I am not sure who said those words to me. But, I firmly believe in them.
This afternoon was another great example of this. I met with another parent and talked to one on the phone. Both of them were met with my usual happy upbeat personality, but I think they both were surprised by how very clear I am. So many teachers are so tired of what they do, that I don't think they really understand how vital they are. Some truly do not understand the impact they can have on their student population and the lasting effects of those relationships.
Each year I say that I have 204 kids; 4 I gave birth to and 200 that the school gave me. This year I feel that even more than normal. These kids are really incredible. I hear people say, "they have such a bright light" about different people and I've never really known what that meant. This year I do. These kids are AMAZING. They soak up the material while we're in class. They tell me jokes. They tell me problems. They ask me questions. They are incredible. I force them to work really, really, really, hard and they do it.

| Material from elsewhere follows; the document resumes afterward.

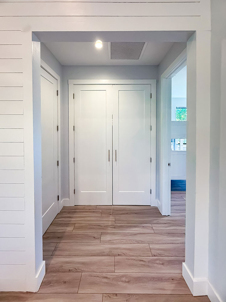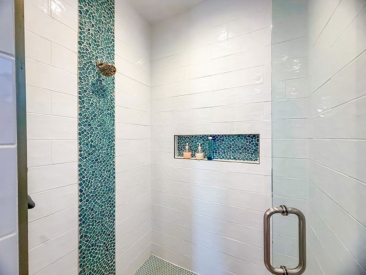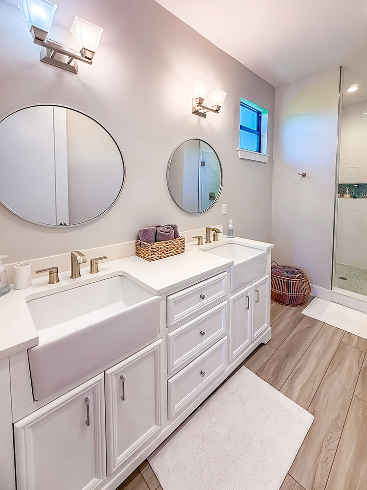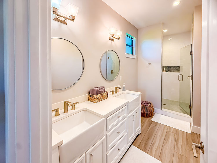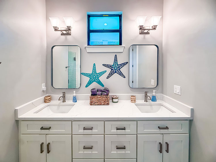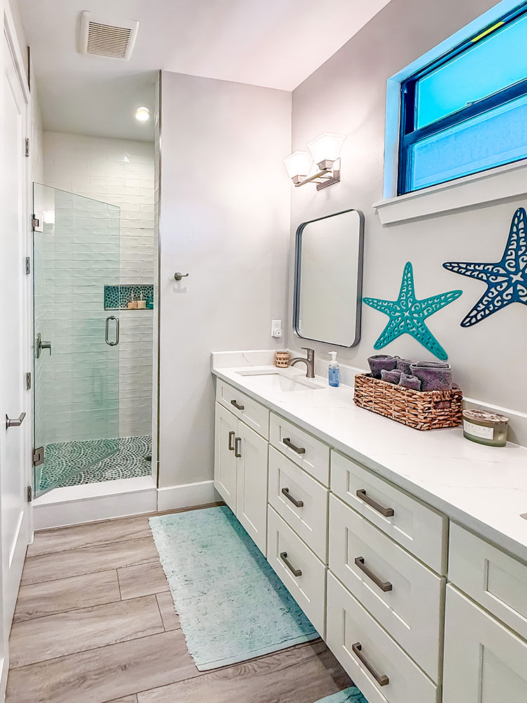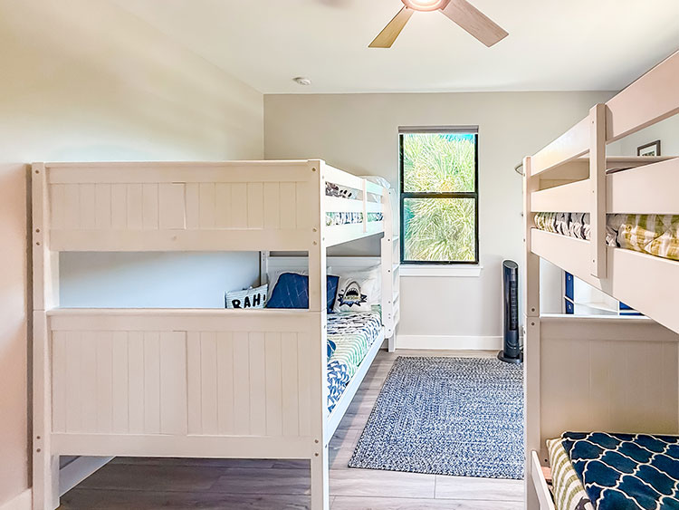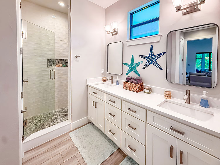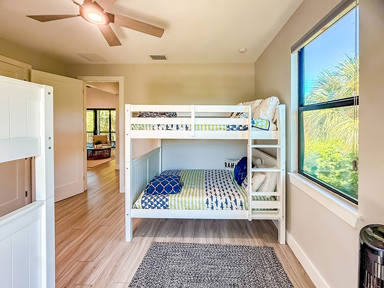 The primary suite offers its own private entrance to the sun porch and features a luxurious en suite bath with dual vanities and a custom-tiled walk-in shower. Two additional bedrooms (including a bunk room) and a beautifully appointed guest bath provide plenty of space for guests.

For the most part, I don't have any behavior issues. Ever. It is so strange to me. I've never been this lucky before. I give all the credit to the kids. Don't get me wrong, I am working my tushie off! I study every night to make sure I can teach them correctly, do my best to write quizzes and tests that are aligned with the primary learning objectives, write lesson plans that I think are really fun and they they will engage in and then write study guides that I believe will guide them in the right direction. It's the best hard work I've done in a long time.
I think this is the, "I am so blessed" post. Most of the time those sound so trite to me. I hope this doesn't sound that way. But, truly, I have never had a roster full of kids for whom I feel nearly the same way as I feel about my own kids. They're incredible. They make me want to work harder at my classes for my Doctorate to be sure that I am working at setting a good example.
Now, this is where I get pretty out of character for me....If you are of the praying kind, whatever your method, prayer beads, incense, spiritual gods, good vibes, positive energy, what have you; say a prayer for us. We have a big mountain to climb to try and get these kids to reach the proficient goal on the end of course test in May. I want to see these sweet kids reach the top. Help us reach the top.